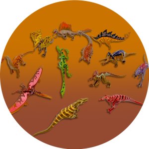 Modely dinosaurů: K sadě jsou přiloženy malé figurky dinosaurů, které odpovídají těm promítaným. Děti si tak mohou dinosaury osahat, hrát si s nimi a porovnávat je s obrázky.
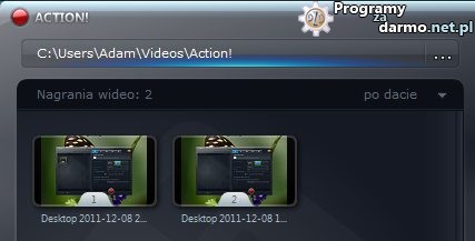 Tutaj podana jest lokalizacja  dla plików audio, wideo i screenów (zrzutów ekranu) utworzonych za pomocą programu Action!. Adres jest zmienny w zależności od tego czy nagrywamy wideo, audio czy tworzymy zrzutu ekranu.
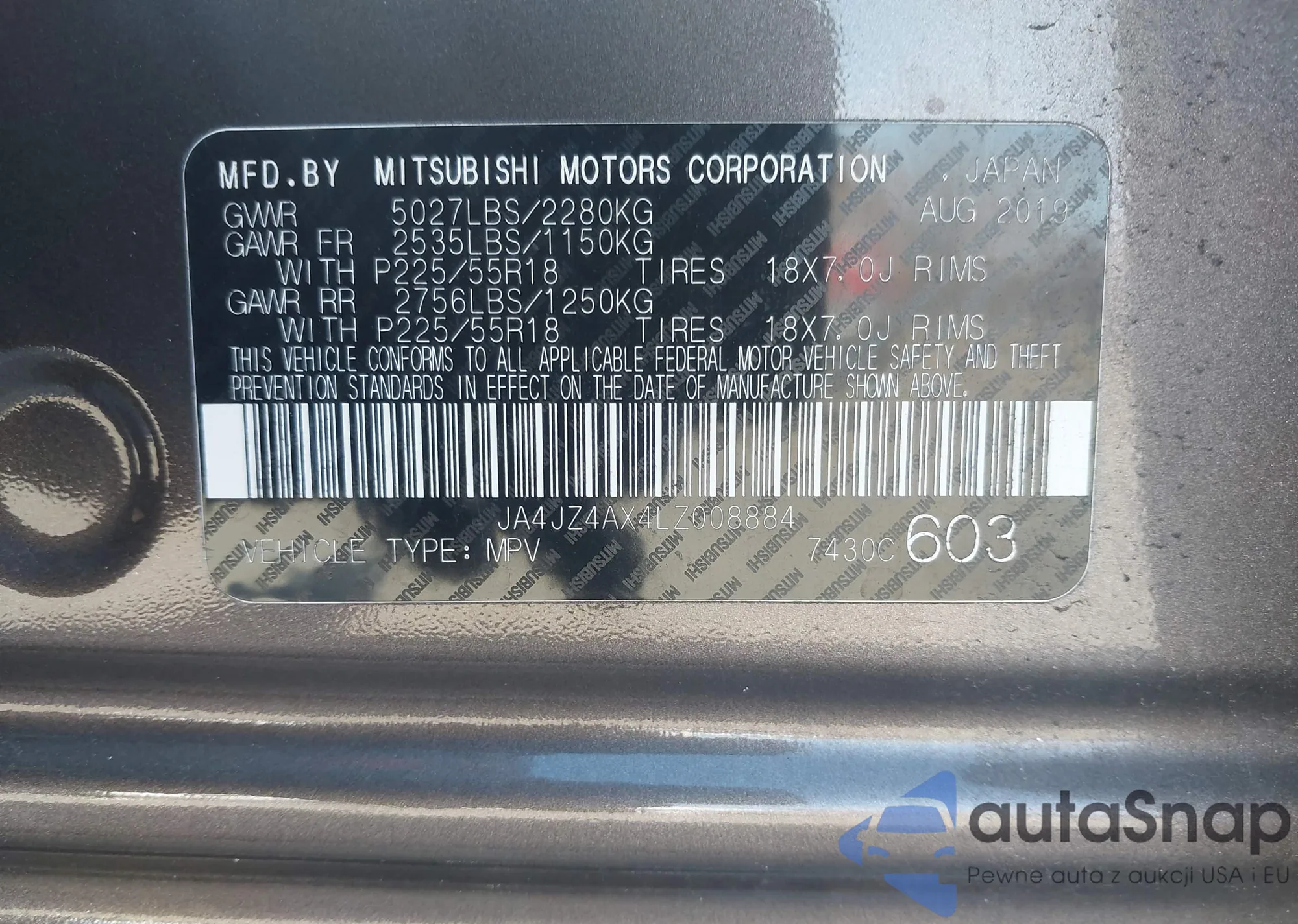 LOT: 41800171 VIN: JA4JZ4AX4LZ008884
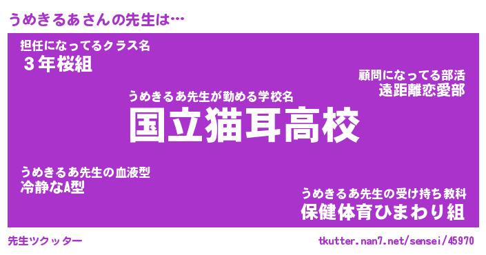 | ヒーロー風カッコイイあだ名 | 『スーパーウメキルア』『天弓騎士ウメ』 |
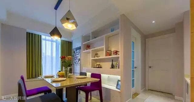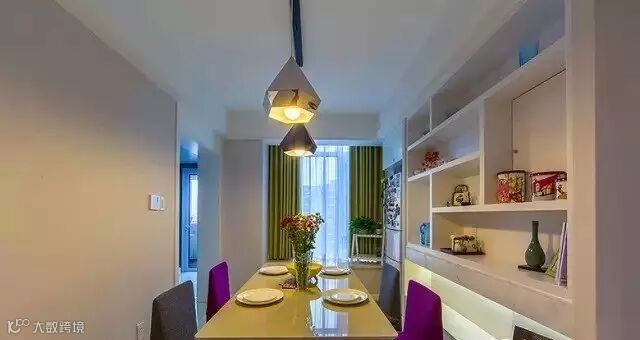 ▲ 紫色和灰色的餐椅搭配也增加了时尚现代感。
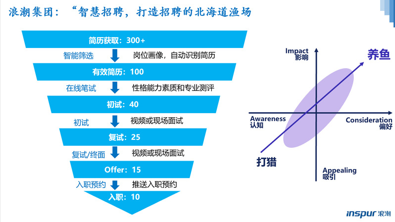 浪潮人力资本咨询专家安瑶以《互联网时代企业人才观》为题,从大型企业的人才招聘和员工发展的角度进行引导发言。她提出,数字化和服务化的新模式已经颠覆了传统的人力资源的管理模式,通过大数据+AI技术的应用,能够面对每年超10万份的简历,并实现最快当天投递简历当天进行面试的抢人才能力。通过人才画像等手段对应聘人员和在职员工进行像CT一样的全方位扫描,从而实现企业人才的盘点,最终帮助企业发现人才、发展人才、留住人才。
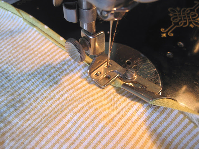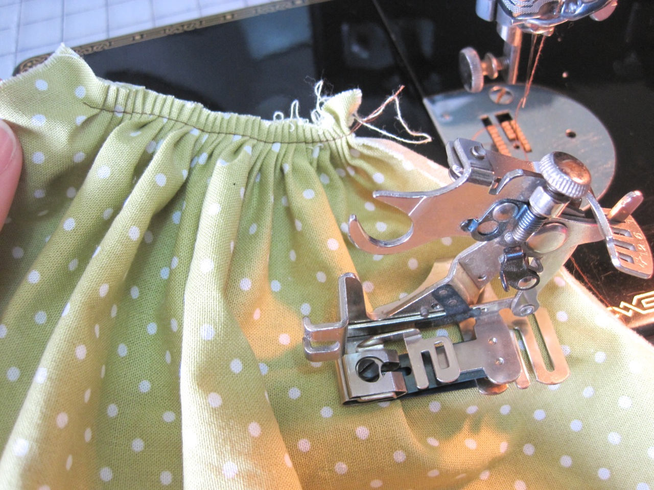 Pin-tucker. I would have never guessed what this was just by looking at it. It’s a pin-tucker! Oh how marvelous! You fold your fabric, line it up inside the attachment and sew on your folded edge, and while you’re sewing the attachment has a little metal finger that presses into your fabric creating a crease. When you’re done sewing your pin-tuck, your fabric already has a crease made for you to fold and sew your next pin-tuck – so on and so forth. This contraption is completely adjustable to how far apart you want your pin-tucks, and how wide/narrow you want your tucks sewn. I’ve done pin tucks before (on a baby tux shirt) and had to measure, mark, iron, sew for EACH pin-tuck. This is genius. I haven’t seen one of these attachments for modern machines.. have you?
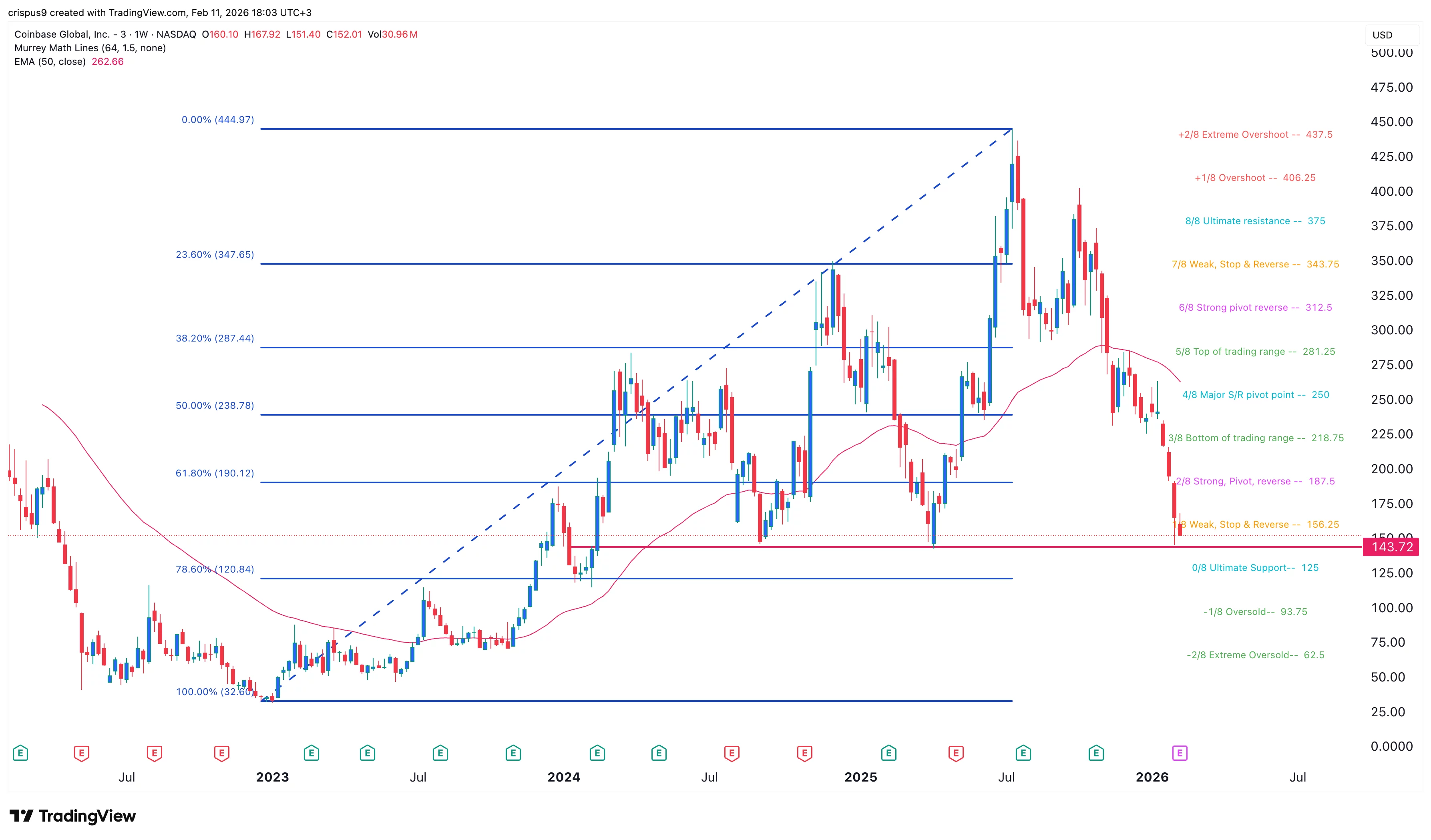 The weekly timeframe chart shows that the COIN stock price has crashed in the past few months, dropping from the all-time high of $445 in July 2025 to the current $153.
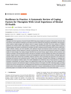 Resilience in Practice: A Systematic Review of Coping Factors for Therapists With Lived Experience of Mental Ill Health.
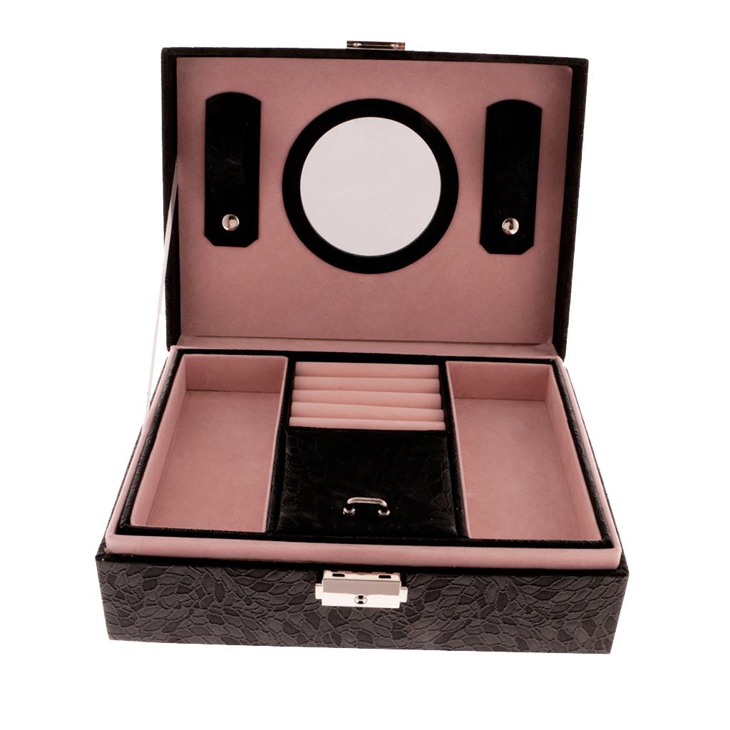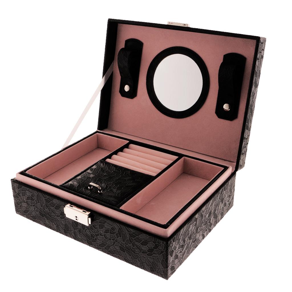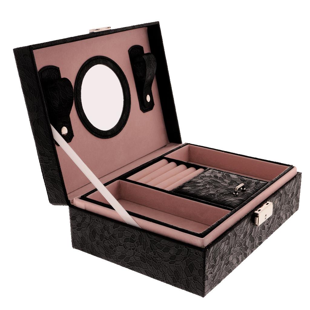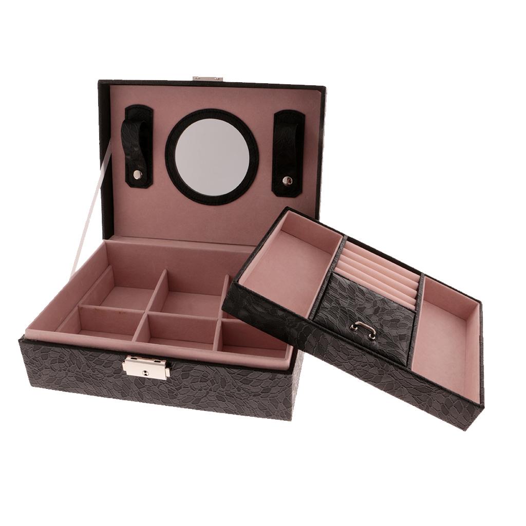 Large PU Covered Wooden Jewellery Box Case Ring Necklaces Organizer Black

◆ **What you are asked to do**:
Exactly as written, please give again the lines from the beginning of the listing through the line containing "浪潮人力资本咨询专家安瑶以《", inclusive, without any pictures.

◆ **Result of the task**:
 Modely dinosaurů: K sadě jsou přiloženy malé figurky dinosaurů, které odpovídají těm promítaným. Děti si tak mohou dinosaury osahat, hrát si s nimi a porovnávat je s obrázky.
 Tutaj podana jest lokalizacja  dla plików audio, wideo i screenów (zrzutów ekranu) utworzonych za pomocą programu Action!. Adres jest zmienny w zależności od tego czy nagrywamy wideo, audio czy tworzymy zrzutu ekranu.
 LOT: 41800171 VIN: JA4JZ4AX4LZ008884
 | ヒーロー風カッコイイあだ名 | 『スーパーウメキルア』『天弓騎士ウメ』 |
 ▲ 紫色和灰色的餐椅搭配也增加了时尚现代感。
 浪潮人力资本咨询专家安瑶以《互联网时代企业人才观》为题,从大型企业的人才招聘和员工发展的角度进行引导发言。她提出,数字化和服务化的新模式已经颠覆了传统的人力资源的管理模式,通过大数据+AI技术的应用,能够面对每年超10万份的简历,并实现最快当天投递简历当天进行面试的抢人才能力。通过人才画像等手段对应聘人员和在职员工进行像CT一样的全方位扫描,从而实现企业人才的盘点,最终帮助企业发现人才、发展人才、留住人才。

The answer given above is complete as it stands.